======== Entries provided

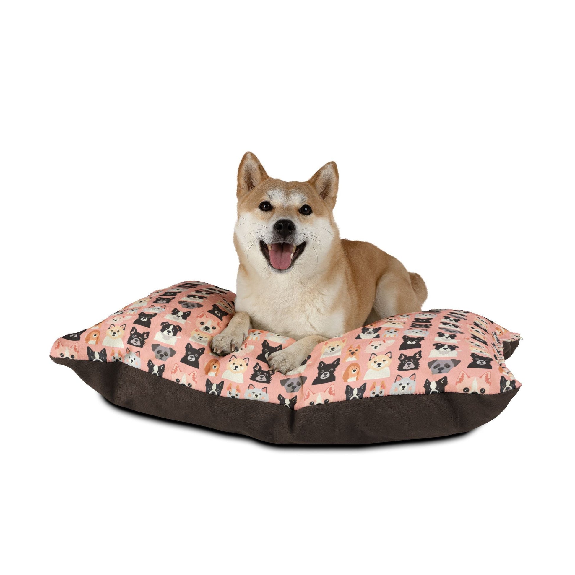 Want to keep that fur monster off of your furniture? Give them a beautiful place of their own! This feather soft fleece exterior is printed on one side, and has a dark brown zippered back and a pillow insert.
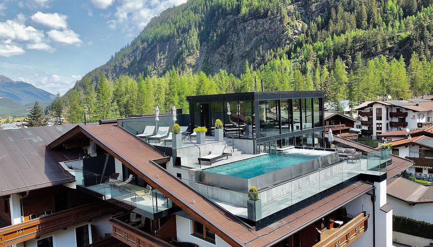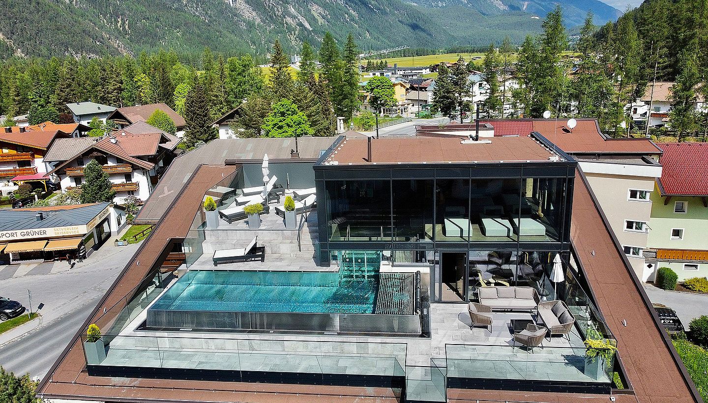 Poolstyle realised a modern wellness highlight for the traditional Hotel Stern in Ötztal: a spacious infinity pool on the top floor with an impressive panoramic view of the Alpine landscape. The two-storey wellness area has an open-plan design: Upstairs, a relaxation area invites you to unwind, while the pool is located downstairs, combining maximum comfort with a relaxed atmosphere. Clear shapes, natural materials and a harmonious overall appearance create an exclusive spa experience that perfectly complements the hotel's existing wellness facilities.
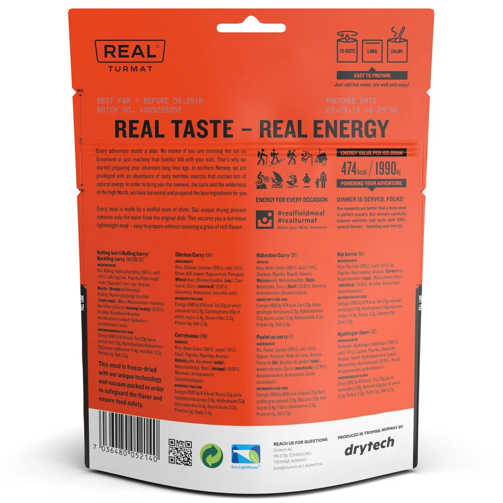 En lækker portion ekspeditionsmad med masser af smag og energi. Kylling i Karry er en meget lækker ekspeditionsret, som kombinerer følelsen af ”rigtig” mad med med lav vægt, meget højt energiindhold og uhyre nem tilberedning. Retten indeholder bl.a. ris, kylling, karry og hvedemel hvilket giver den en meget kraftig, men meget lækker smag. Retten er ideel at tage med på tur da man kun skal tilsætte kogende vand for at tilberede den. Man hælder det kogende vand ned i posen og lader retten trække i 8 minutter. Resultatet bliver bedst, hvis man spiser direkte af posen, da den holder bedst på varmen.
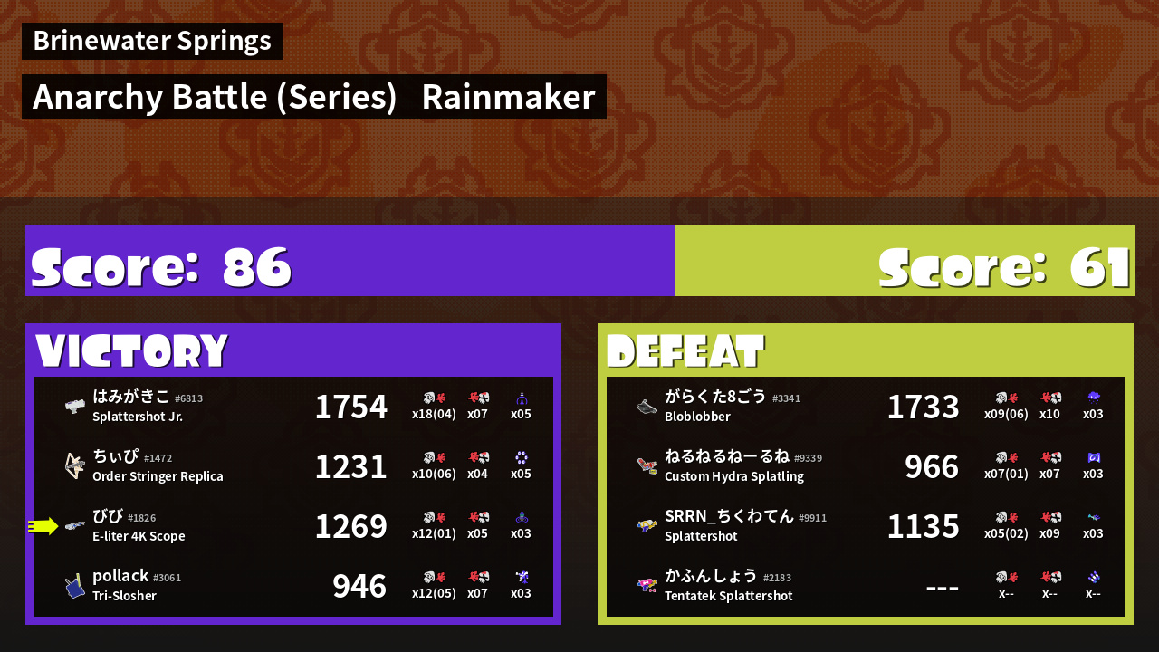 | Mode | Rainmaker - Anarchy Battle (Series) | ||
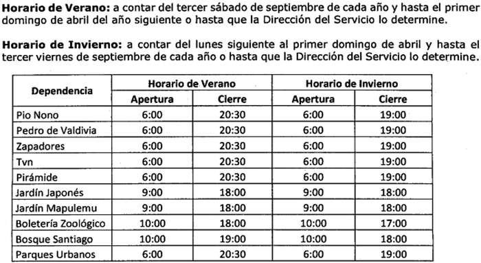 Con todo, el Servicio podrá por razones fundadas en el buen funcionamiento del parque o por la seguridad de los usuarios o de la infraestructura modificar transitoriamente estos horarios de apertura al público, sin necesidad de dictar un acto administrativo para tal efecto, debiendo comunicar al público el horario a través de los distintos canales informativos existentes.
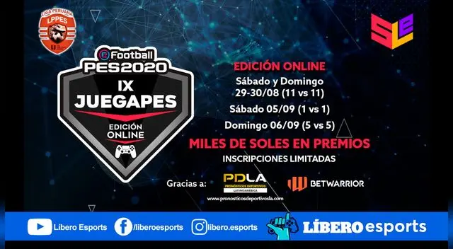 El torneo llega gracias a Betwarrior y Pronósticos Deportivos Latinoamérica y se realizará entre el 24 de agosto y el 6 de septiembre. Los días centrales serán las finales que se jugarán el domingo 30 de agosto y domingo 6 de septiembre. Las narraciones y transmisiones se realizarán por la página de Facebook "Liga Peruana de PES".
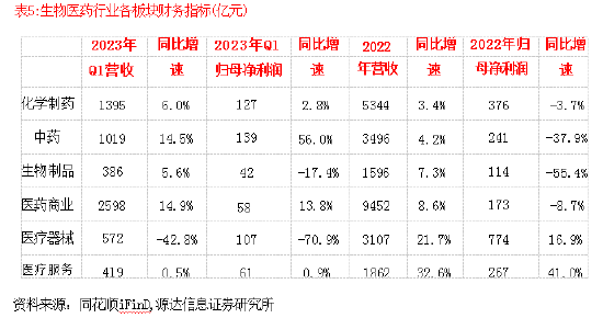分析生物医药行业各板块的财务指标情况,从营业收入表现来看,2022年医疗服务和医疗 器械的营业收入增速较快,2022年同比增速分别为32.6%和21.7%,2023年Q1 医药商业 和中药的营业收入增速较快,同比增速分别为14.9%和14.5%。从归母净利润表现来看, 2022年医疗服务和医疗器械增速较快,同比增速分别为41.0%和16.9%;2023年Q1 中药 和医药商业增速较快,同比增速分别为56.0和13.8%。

================
======== Entries provided

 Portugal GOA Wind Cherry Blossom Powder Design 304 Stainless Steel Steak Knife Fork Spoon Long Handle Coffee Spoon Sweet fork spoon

================

### What you should do
No picture is to be printed. Output exactly the lines above from the line containing "Want to keep" through the line containing "Poolstyle realised a".

### Response below
 Want to keep that fur monster off of your furniture? Give them a beautiful place of their own! This feather soft fleece exterior is printed on one side, and has a dark brown zippered back and a pillow insert.
 Poolstyle realised a modern wellness highlight for the traditional Hotel Stern in Ötztal: a spacious infinity pool on the top floor with an impressive panoramic view of the Alpine landscape. The two-storey wellness area has an open-plan design: Upstairs, a relaxation area invites you to unwind, while the pool is located downstairs, combining maximum comfort with a relaxed atmosphere. Clear shapes, natural materials and a harmonious overall appearance create an exclusive spa experience that perfectly complements the hotel's existing wellness facilities.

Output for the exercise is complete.